How to complete this task
An exact copy of the lines of the listing below between the "AC1000 | 無(wú)線AC控制器" line and the "Assorted Premium Dry" line, both included, is the whole answer; please omit the pictures.

The records
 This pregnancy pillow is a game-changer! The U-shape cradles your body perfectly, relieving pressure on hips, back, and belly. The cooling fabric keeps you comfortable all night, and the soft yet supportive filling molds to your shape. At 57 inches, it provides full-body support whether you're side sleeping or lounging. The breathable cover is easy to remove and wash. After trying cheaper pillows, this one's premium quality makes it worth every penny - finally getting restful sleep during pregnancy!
* * *
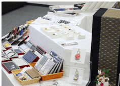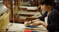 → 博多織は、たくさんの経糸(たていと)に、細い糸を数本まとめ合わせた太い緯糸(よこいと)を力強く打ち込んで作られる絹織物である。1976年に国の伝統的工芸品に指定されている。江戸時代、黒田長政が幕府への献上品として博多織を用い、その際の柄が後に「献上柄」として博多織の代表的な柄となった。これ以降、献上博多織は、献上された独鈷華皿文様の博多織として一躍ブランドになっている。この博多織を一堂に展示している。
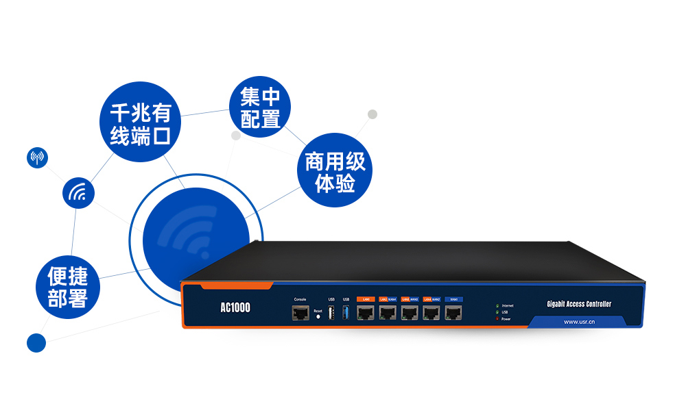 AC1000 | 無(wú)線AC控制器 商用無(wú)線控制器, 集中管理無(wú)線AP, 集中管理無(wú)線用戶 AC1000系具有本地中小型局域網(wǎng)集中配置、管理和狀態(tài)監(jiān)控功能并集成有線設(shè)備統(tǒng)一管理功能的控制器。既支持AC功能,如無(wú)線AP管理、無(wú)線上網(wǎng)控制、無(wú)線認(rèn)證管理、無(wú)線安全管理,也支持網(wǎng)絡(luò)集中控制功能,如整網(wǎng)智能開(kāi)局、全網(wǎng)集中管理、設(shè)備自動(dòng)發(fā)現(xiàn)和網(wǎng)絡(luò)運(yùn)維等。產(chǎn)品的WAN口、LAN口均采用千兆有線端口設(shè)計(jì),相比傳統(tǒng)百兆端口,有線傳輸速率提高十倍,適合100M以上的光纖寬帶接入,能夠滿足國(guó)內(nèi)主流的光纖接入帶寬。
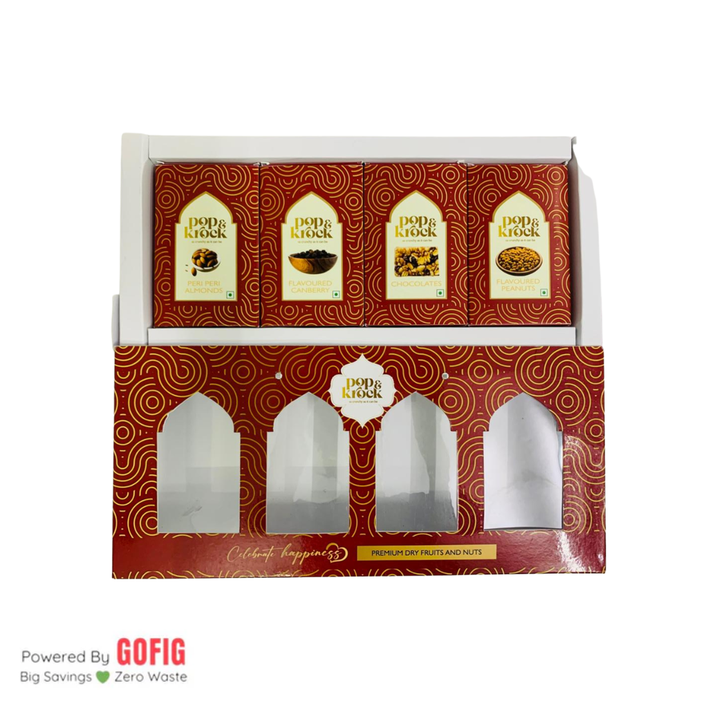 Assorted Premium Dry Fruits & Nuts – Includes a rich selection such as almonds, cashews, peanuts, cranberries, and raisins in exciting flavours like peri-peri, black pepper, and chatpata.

Answer for the task
 AC1000 | 無(wú)線AC控制器 商用無(wú)線控制器, 集中管理無(wú)線AP, 集中管理無(wú)線用戶 AC1000系具有本地中小型局域網(wǎng)集中配置、管理和狀態(tài)監(jiān)控功能并集成有線設(shè)備統(tǒng)一管理功能的控制器。既支持AC功能,如無(wú)線AP管理、無(wú)線上網(wǎng)控制、無(wú)線認(rèn)證管理、無(wú)線安全管理,也支持網(wǎng)絡(luò)集中控制功能,如整網(wǎng)智能開(kāi)局、全網(wǎng)集中管理、設(shè)備自動(dòng)發(fā)現(xiàn)和網(wǎng)絡(luò)運(yùn)維等。產(chǎn)品的WAN口、LAN口均采用千兆有線端口設(shè)計(jì),相比傳統(tǒng)百兆端口,有線傳輸速率提高十倍,適合100M以上的光纖寬帶接入,能夠滿足國(guó)內(nèi)主流的光纖接入帶寬。
 Assorted Premium Dry Fruits & Nuts – Includes a rich selection such as almonds, cashews, peanuts, cranberries, and raisins in exciting flavours like peri-peri, black pepper, and chatpata.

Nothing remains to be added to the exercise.